Intitulado “Cabo Delgado é Moçambique - Moçambique é Cabo Delgado”, o evento aconteceu em parceria com o colectivo de artistas plásticos “Nós Arte”. Esta iniciativa é liderada pelo pintor Chicken, que também organizou uma exposição com o mesmo título na galeria do Núcleo de Arte, na capital do país.

Segundo o secretário-geral da AEMO, Carlos Paradona, a arte deve ser encarada como um meio importante para a transmissão de mensagens sobre a reconciliação nacional.

Assinalou que as mensagens de paz, fraternidade e de concórdia, difundidas no país, devem ser assumidas por todos os moçambicanos, como forma de fortalecer a coesão e a unidade nacional e garantir a estabilidade do país.

“Os moçambicanos têm o direito de viver em paz e não podem estar envolvidos em guerras consecutivas. Vivermos em paz é um dos pressupostos para a estabilidade cultural, política, económica e social do país”, disse Paradona.

Salientou que a paz é condição fundamental para podermos alcançar aquilo que aspiramos, incluindo escrever e lançar livros.

Como que se inspirando nas palavras do Papa Francisco, o Secretário-Geral da AEMO sublinha o facto de a paz não ser apenas a ausência de guerra, mas o incansável empenho de todas as pessoas do bem para que no país haja harmonia.

Quanto à oferta de produtos aos compatriotas de Cabo Delgado, Carlos Paradona garante que esta acção será continuada, até porque algo idêntico foi feito quando, em 2019, os ciclones Idai e Keneth atingiram a costa moçambicana.

“A nossa solidariedade será sempre por meio da arte.
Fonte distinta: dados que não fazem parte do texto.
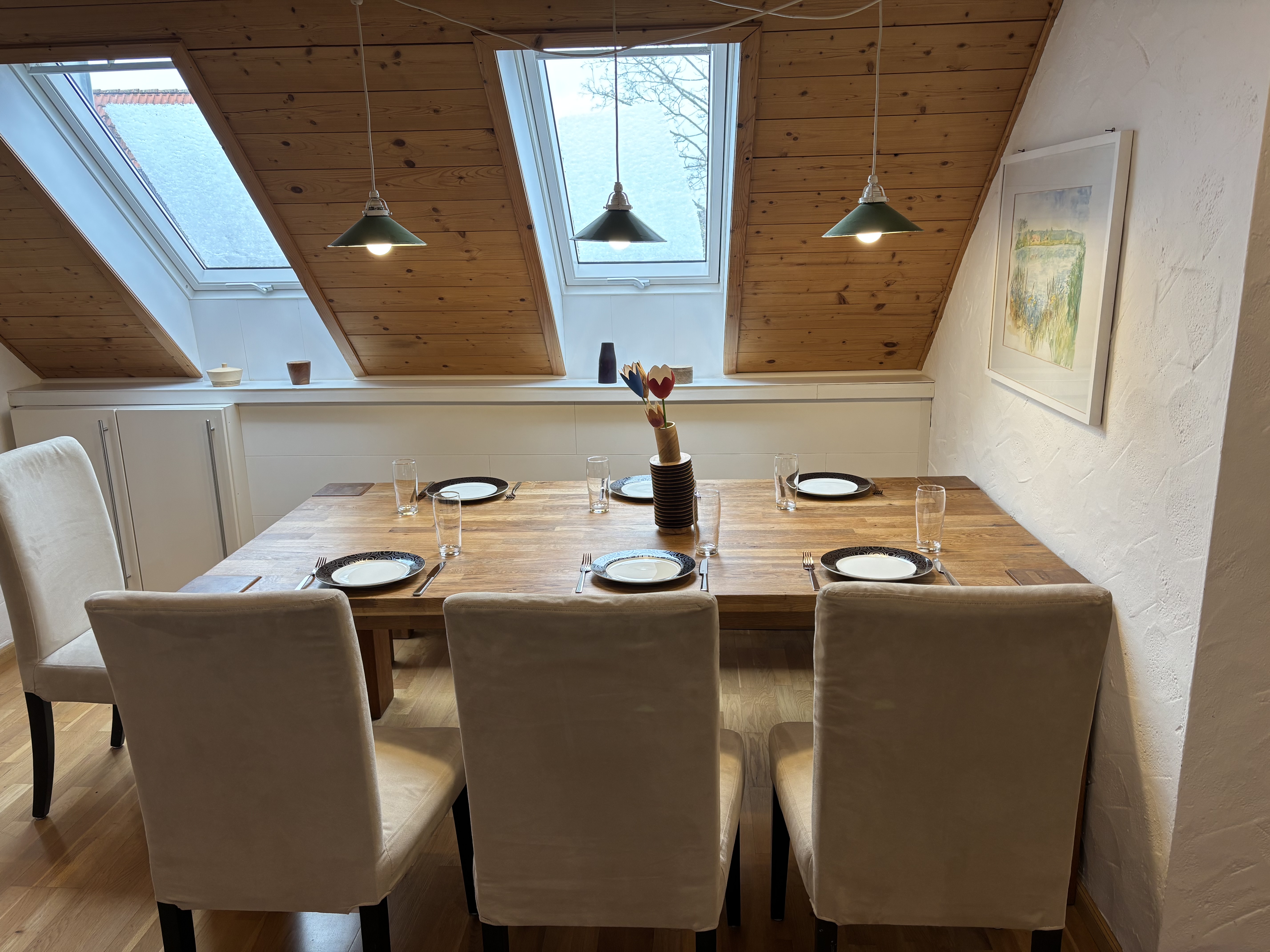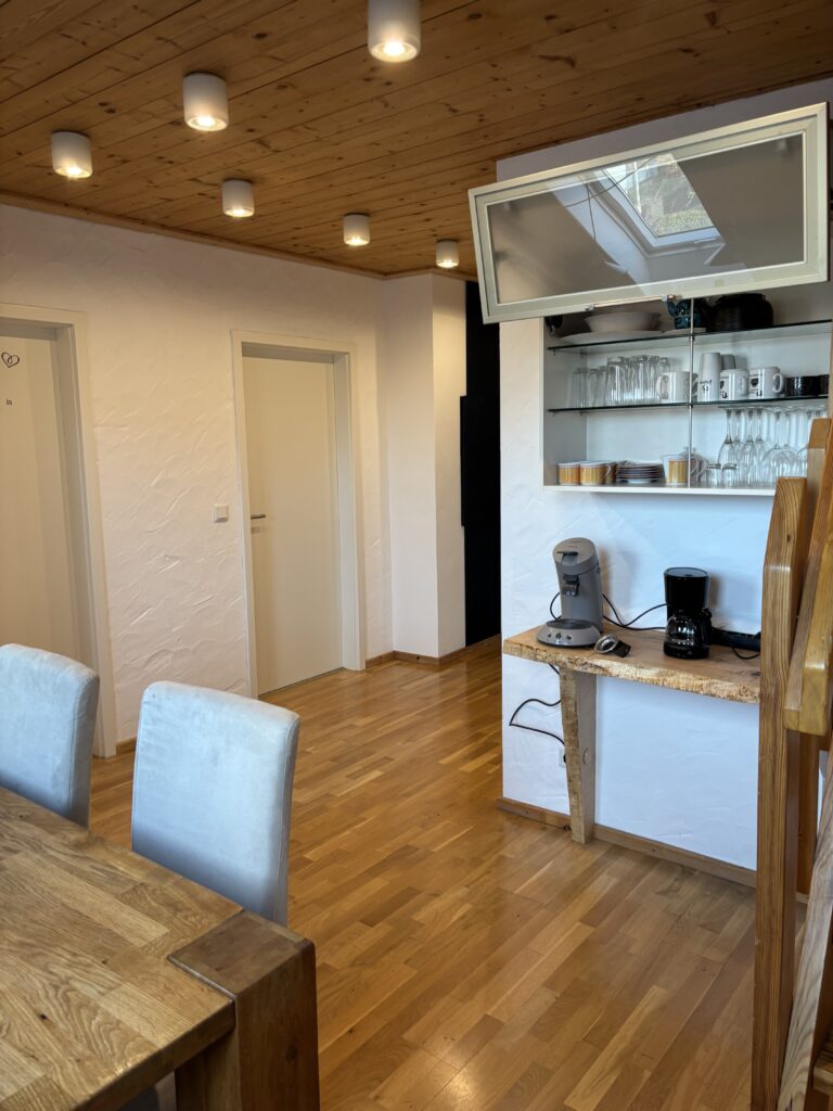 Die gut ausgestattete Küche verfügt über einen Geschirrspüler, Mikrowelle, Backofen, Kühlschrank, Handrührgerät sowie vielfältige Küchenutensilien. Geschirrtücher sowie Spülmittel und Spülmaschinentabs werden bereitgestellt.

Mas, mesmo assim, continuaremos a mobilizar a sociedade moçambicana para se juntar, sobretudo nos momentos mais difíceis, e confortar aqueles que mais precisam, no caso os nossos irmãos de Cabo Delgado”, acrescentou.

Por seu turno, Sandra Chilengue, afecta à Direcção de Preservação e Mitigação do Instituto Nacional de Gestão do Risco de Desastres, referiu que os livros oferecidos pela Associação dos Escritores Moçambicanos serão uma maior valia, temos jovens que precisam de ler e se informar para ter uma mente mais aberta, partilhar e abstrair-se.

Chilengue adiantou que as obras são vistas como forma de mostrar que há uma luz no fundo do túnel.

“Há sempre esperança e, por isso, não podemos deixar de ler”, referiu.

A representante do INGD também falou da situação dos deslocados de guerra e lembrou que, nalguns casos, eles abandonam os seus distritos sem conseguir levar algo consigo. E é neste sentido que as roupas e os alimentos ajudarãoa aliviar o seu sofrimento.